[jira] [Commented] (COMPRESS-206) TarArchiveOutputStream sometimes writes garbage beyond the end of the archive

classic Classic list List threaded Threaded
1 message Options
Reply | Threaded
Open this post in threaded view

[jira] [Commented] (COMPRESS-206) TarArchiveOutputStream sometimes writes garbage beyond the end of the archive

Lars Bruun-Hansen (Jira)

    [ https://issues.apache.org/jira/browse/COMPRESS-206?page=com.atlassian.jira.plugin.system.issuetabpanels:comment-tabpanel&focusedCommentId=13541349#comment-13541349 ]

Stefan Bodewig commented on COMPRESS-206:

I didn't mean to imply this was a duplicate of 202 or anything like that, but rather that your patch provides one alternative to fix COMPRESS-202 beyond "just" documenting the behavior.  We'll need to discuss on the dev list how we want to solve it, but for the sake of getting more opinions I'll wait a few days until people are back from their holiday time-outs.

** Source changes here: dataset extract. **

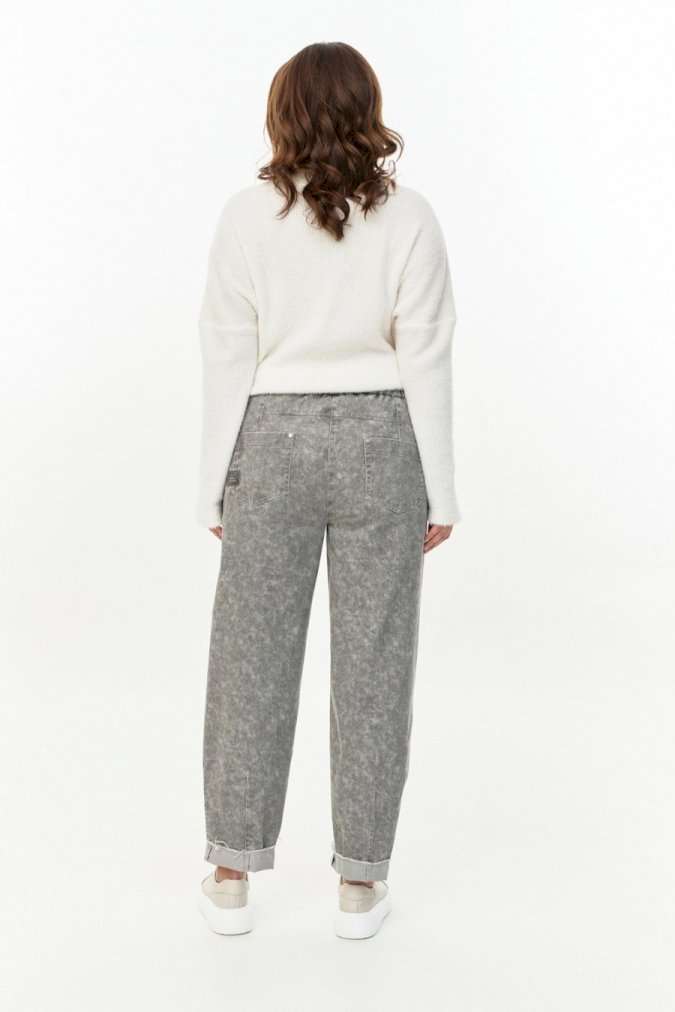 Джинсы из \"мраморного\" хлопка, с четырьмя функциональными карманами и поясом с резинкой на спинке. Боковые швы брюк переходят на перед. Изделие проходит энзимную стирку.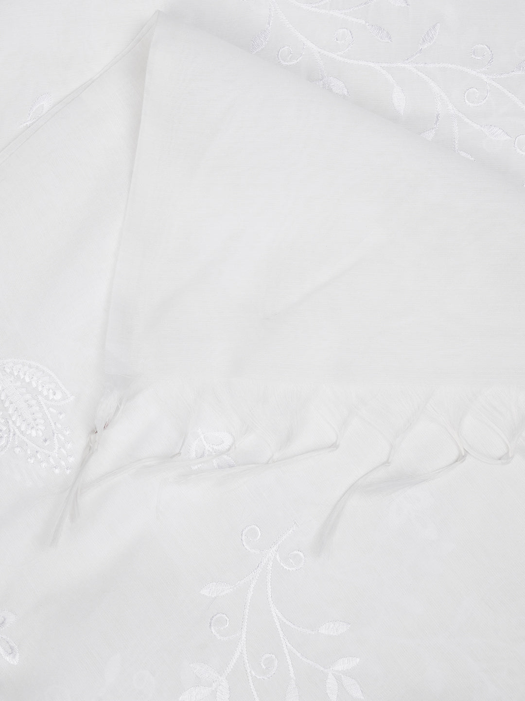White Chanderi Cotton Dupatta with Subtle Floral Embroidery (Size: 2.5x1 m Approx)

Given tar record reading may be willing to consume non-tar inputs, we may need to be more careful there.  I'll need to look into the tar dialect documentations a bit more to see what we might need to accept as part of the archive once the first EOF-record has been found.

> TarArchiveOutputStream sometimes writes garbage beyond the end of the archive
> -----------------------------------------------------------------------------
>                 Key: COMPRESS-206
>                 URL: https://issues.apache.org/jira/browse/COMPRESS-206
>             Project: Commons Compress
>          Issue Type: Bug
>          Components: Compressors
>    Affects Versions: 1.0, 1.4.1
>         Environment: Linux x86
>            Reporter: Peter De Maeyer
>             Fix For: 1.5
>         Attachments: COMPRESS-206.patch
> For some combinations of file lengths, the archive created by TarArchiveOutputStream writes garbage beyond the end of the TAR stream. TarArchiveInputStream can still read the stream without problems, but it does not read beyond the garbage. This is problematic for my use case because I write a checksum _after_ the TAR content. If I then try to read the checksum back, I read garbage instead.
> Functional impact:
> * TarArchiveInputStream is asymmetrical with respect to TarArchiveOutputStream, in the sense that TarArchiveInputStream does not read everything that was written by TarArchiveOutputStream.
> * The content is unnecessarily large. The garbage is totally unnecessarily large: ~10K overhead compared to Linux command-line tar.
> This symptom is remarkably similar to #COMPRESS-81, which is supposedly fixed since 1.1. Except for the fact that this issue still exists... I've tested this with 1.0 and 1.4.1.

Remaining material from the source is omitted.